Work to complete
Give back the listing in full and exactly, leaving out the images.

>>

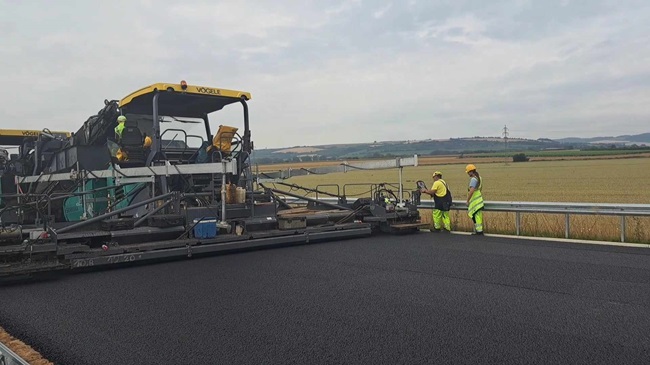 Silničáři na dálnici pokládají konečnou asfaltovou vrstvu SMA mastix, která je vysoce odolná vůči tvorbě trvalých deformací a trhlin a její předností je dlouhá trvanlivost. Kromě toho finišuje i práce na mostech. „Spíše už se jedná o dokončovací práce, jako například montáž svodidel či protihlukových stěn. Celkově budujeme mezi Starým Městem a Moravským Pískem devět mostů, z toho šest na dálnici a tři nad dálnicí. Děláme vše proto, abychom prosincový termín zprovoznění D5508 dodrželi,“ uvedl ředitel závodu Inženýrské stavitelství Morava Jiří Vinklárek ze společnosti Skanska a.s.
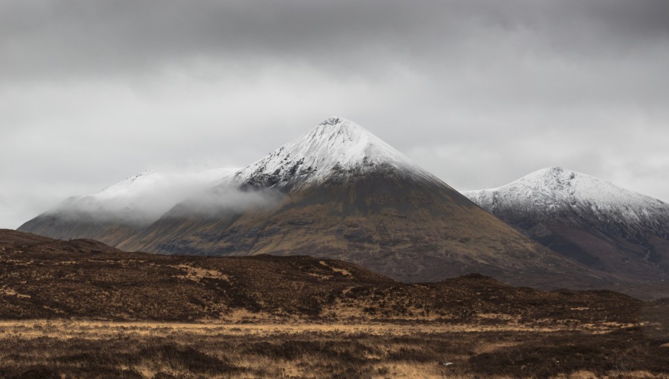 Grey clouds over snowy mountains HD Wallpaper - 960x544 PS Vita
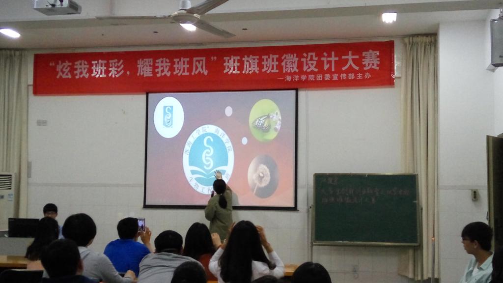 2016年5月22日,海洋学院“炫我班彩,耀我班风”班旗班徽设计大赛决赛在海洋北楼308成功举办。海洋学院辅导员及来自的14、15级的各班级同学参加此次大赛。经过初赛激烈地角逐,成功晋级决赛的8个班级分别是生技151班、生技152班、食品151班、水科152班、生工41班、海科152班、生技141班和海环151班。
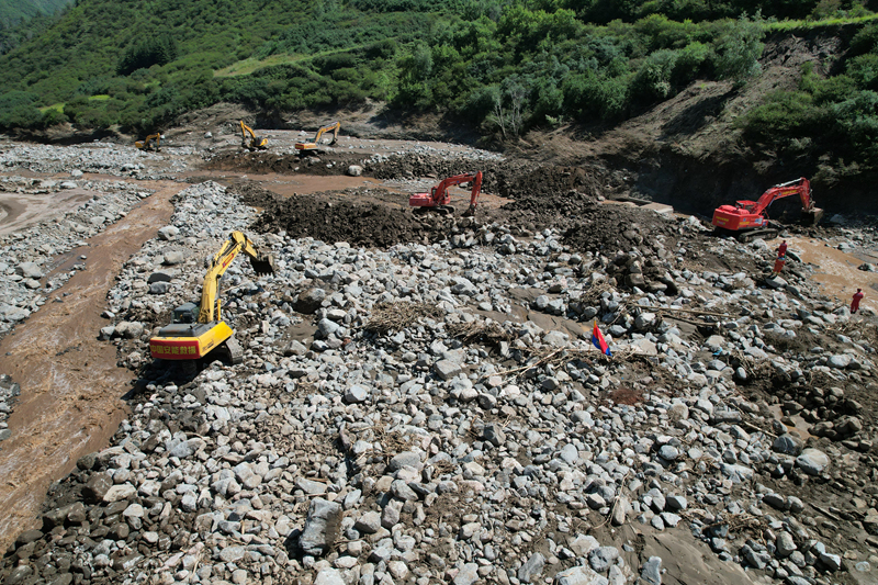 8月11日,在榆中縣馬坡鄉(xiāng)陽屲山村,中國安能救援隊使用挖掘機疏通清理山洪沖下的石頭(無人機照片)。
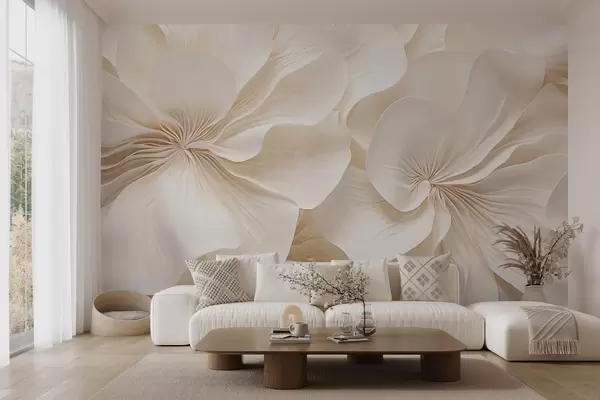 Peintures murales Gros plan sur des fleurs à la texture crémeuse et aux pétales délicats et fluides, créant une composition florale douce, élégante et texturée Nr. w09346

<<

Task solution
 Silničáři na dálnici pokládají konečnou asfaltovou vrstvu SMA mastix, která je vysoce odolná vůči tvorbě trvalých deformací a trhlin a její předností je dlouhá trvanlivost. Kromě toho finišuje i práce na mostech. „Spíše už se jedná o dokončovací práce, jako například montáž svodidel či protihlukových stěn. Celkově budujeme mezi Starým Městem a Moravským Pískem devět mostů, z toho šest na dálnici a tři nad dálnicí. Děláme vše proto, abychom prosincový termín zprovoznění D5508 dodrželi,“ uvedl ředitel závodu Inženýrské stavitelství Morava Jiří Vinklárek ze společnosti Skanska a.s.
 Grey clouds over snowy mountains HD Wallpaper - 960x544 PS Vita
 2016年5月22日,海洋学院“炫我班彩,耀我班风”班旗班徽设计大赛决赛在海洋北楼308成功举办。海洋学院辅导员及来自的14、15级的各班级同学参加此次大赛。经过初赛激烈地角逐,成功晋级决赛的8个班级分别是生技151班、生技152班、食品151班、水科152班、生工41班、海科152班、生技141班和海环151班。
 8月11日,在榆中縣馬坡鄉(xiāng)陽屲山村,中國安能救援隊使用挖掘機疏通清理山洪沖下的石頭(無人機照片)。
 Peintures murales Gros plan sur des fleurs à la texture crémeuse et aux pétales délicats et fluides, créant une composition florale douce, élégante et texturée Nr. w09346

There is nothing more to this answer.